🤖 AI Summary
Existing RAG evaluation benchmarks suffer from insufficient representation of realistic multi-turn dialogue scenarios and lack fine-grained metrics for factual accuracy. To address this, we propose RAGAPHENE—a human-in-the-loop annotation framework for multi-turn RAG dialogues. It integrates retrieval-augmented generation, dynamic dialogue state tracking, and interactive human editing, enabling annotators to simulate authentic user intent evolution, knowledge refinement, and error correction—thereby producing high-fidelity, factually controllable multi-turn dialogue data. Its core innovation lies in deeply embedding human judgment into the dialogue construction loop, facilitating granular assessment of LLMs along dimensions including factual consistency, retrieval dependency, and response coherence.
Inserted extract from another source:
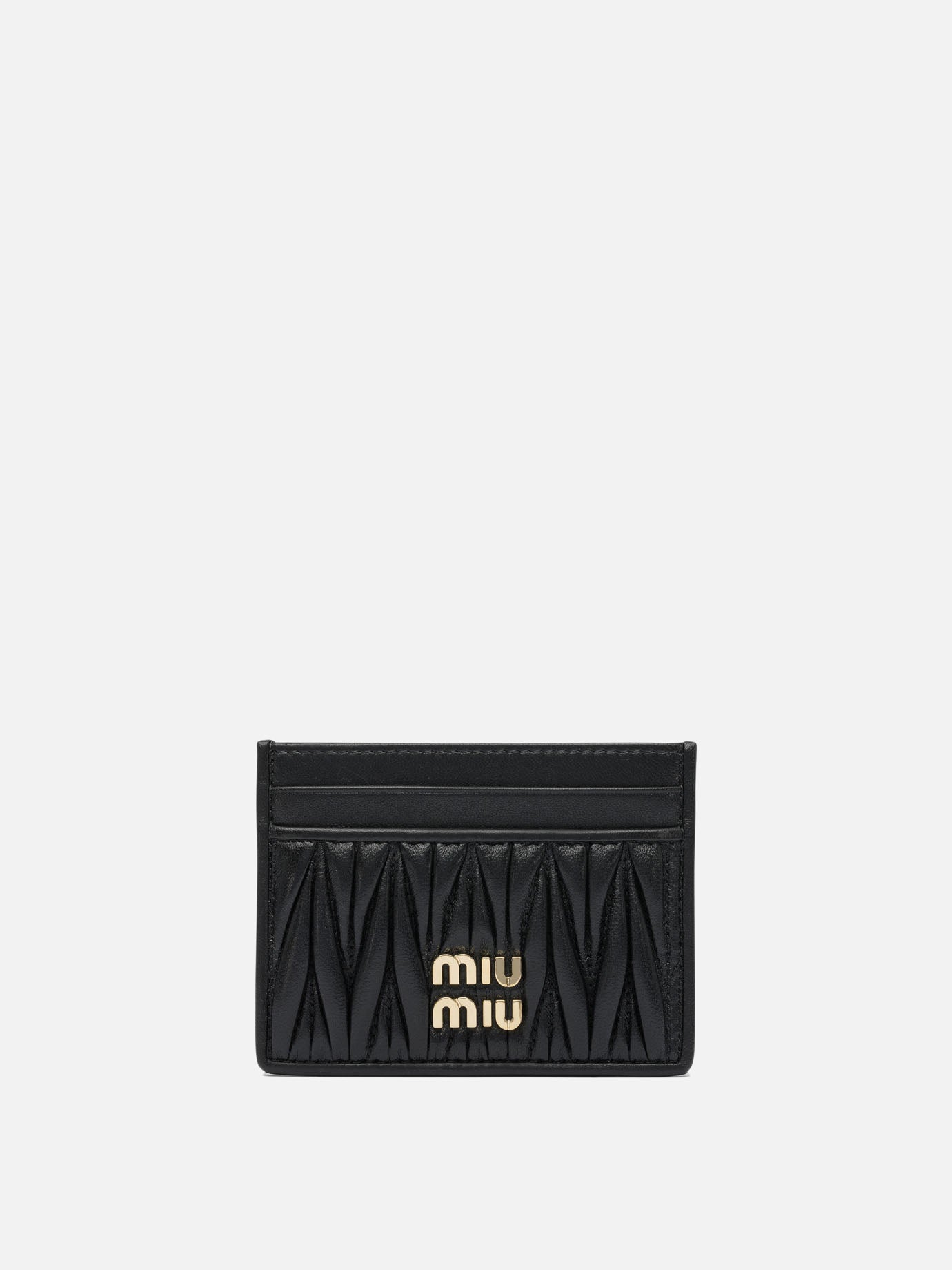 Portacarte in nappa matelassé Miu Miu, costruito in pelle lavorata a effetto matelassé con silhouette compatta e linee semplici. La struttura integra sei slot portacarte, organizzati in file parallele, pensati per distinguere e contenere carte e documenti essenziali. La superficie esterna presenta un logo lettering verticale in metallo applicato in rilievo. L'interno è rifinito con fodera in moirè, scelta per resistenza e uniformità.

To date, RAGAPHENE has supported over 40 annotators in curating thousands of high-quality multi-turn RAG dialogues, yielding the first open-source benchmark dataset explicitly designed for factual accuracy evaluation.
📝 Abstract
Retrieval Augmented Generation (RAG) is an important aspect of conversing with Large Language Models (LLMs) when factually correct information is important. LLMs may provide answers that appear correct, but could contain hallucinated information. Thus, building benchmarks that can evaluate LLMs on multi-turn RAG conversations has become an increasingly important task. Simulating real-world conversations is vital for producing high quality evaluation benchmarks. We present RAGAPHENE, a chat-based annotation platform that enables annotators to simulate real-world conversations for benchmarking and evaluating LLMs. RAGAPHENE has been successfully used by approximately 40 annotators to build thousands of real-world conversations.